In the same way, a competitive athlete has a better ability to rhythmic than the average. However, that does not make the average person's ability to create rhythm pathological.
So gradual differences are not unusual. Nevertheless, damage to the perception systems, damage to the central nervous system or damage to the muscle structures can make the ability to rhythm even more difficult or even impossible.
Strokes, for example, can affect both the perceptual system and the conductivity of the nerve tracts. If the motor nerve tracts are damaged, your own rhythm of movement can no longer be adapted to an external rhythm, as the commands from the central nervous system only reach the muscles with a delay.
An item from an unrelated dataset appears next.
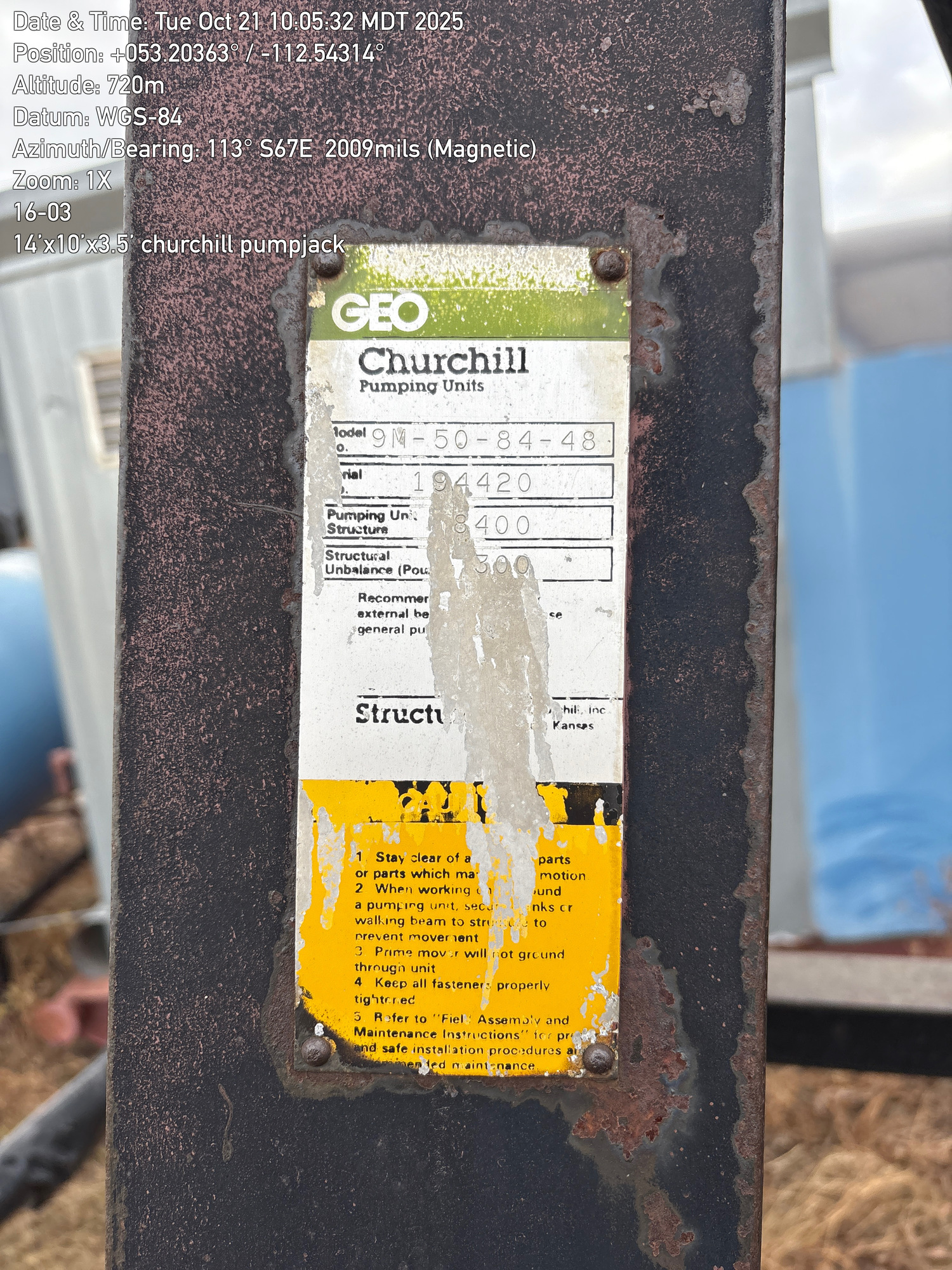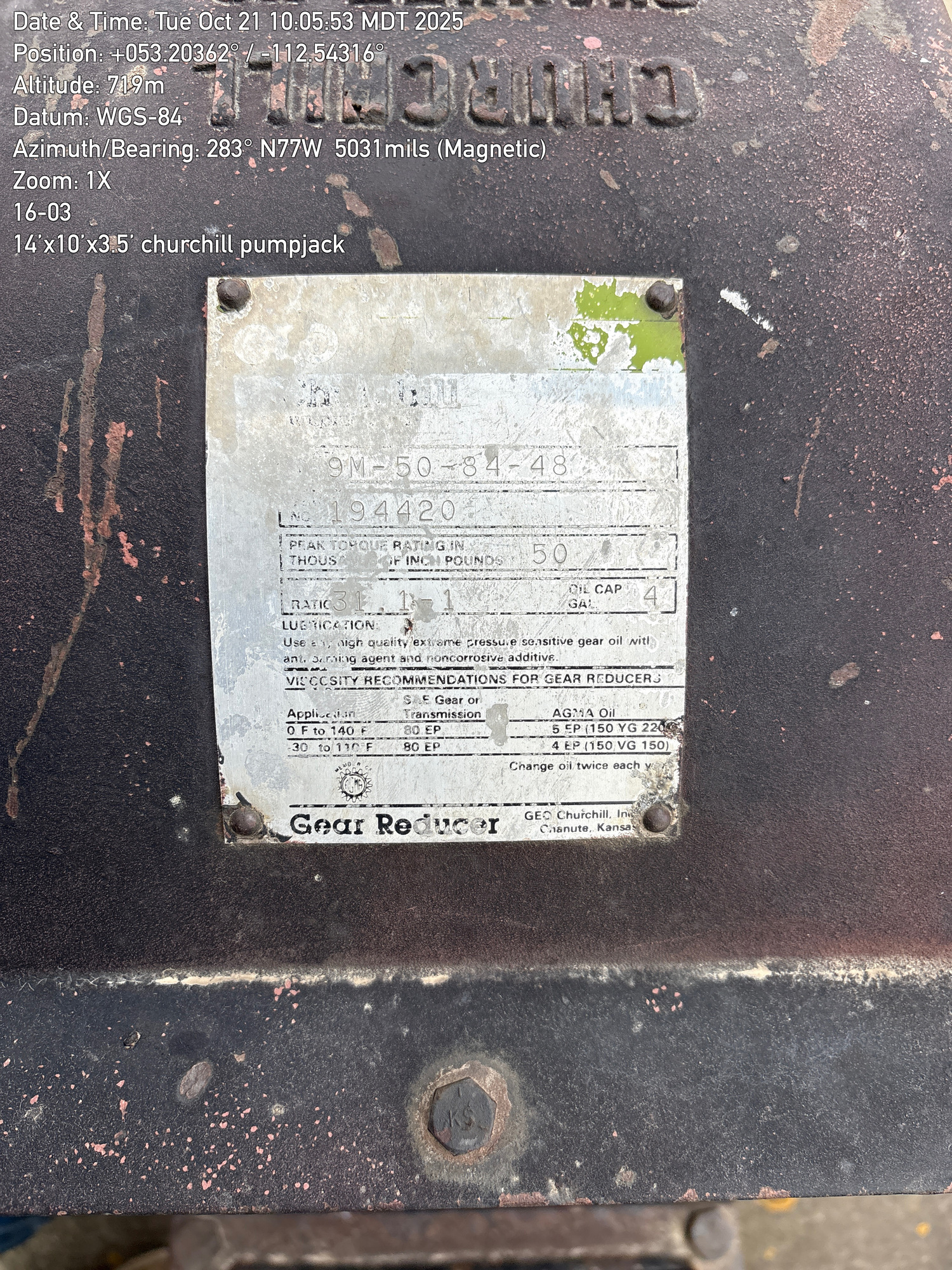 14'x10'x3.5' Churchhill 9M-50-84-48 pumpjack with 31.1 gear reducer located at 16-03-049-18W4 (100)
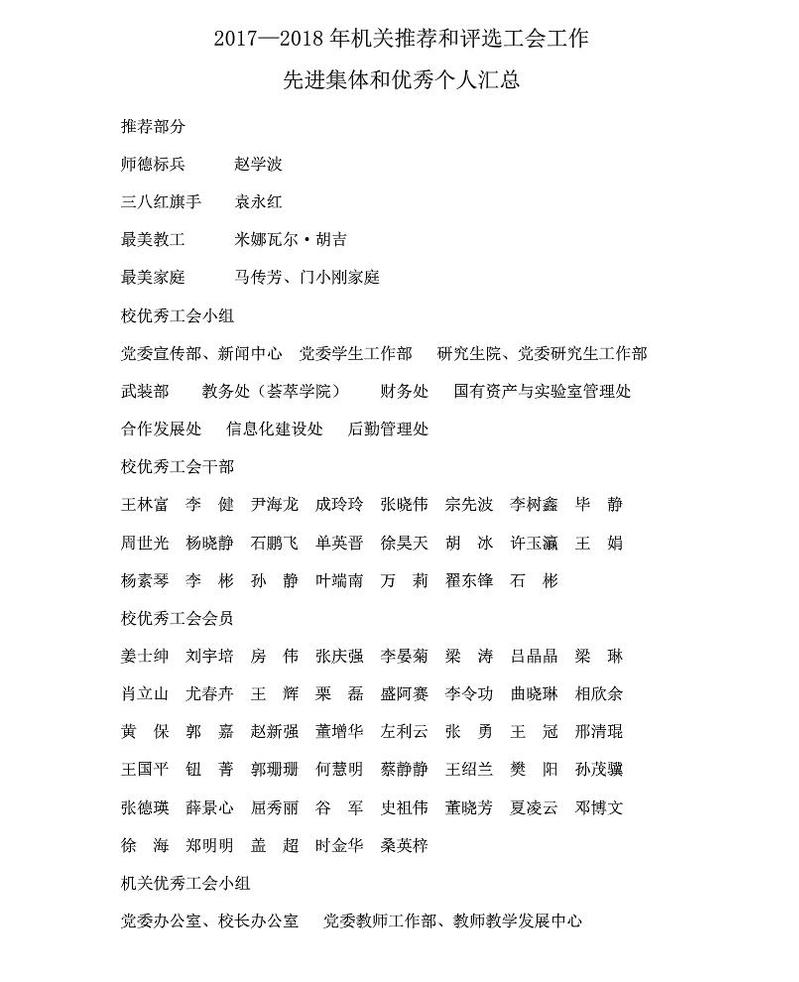 2017—2018年机关推荐和评选工会工作先进集体和优秀个人汇总

Inflammation of the pyramidal and extrapyramidal nerve tracts in the spinal cord can also impair motor skills and thus limit the ability to rhythmise. The same applies to inflammation in the sensorimotor areas of the brain or in the cerebellum.
Demyelinating diseases also delay the conduction speed of the nerve costume. Diseases such as Parkinson's, Alzheimer's or ALS can even completely break down the motor centers of the central nervous system. Tumors and other masses in the brain or spinal cord may also have an impact on the ability to rhythmise.
Many neurological examination methods test the patient's coordinative abilities in order to assess and localize damage in the central nervous system.
Like all coordination skills, the ability to rhythmic generally decreases with age. This also applies if there are no central nervous disorders.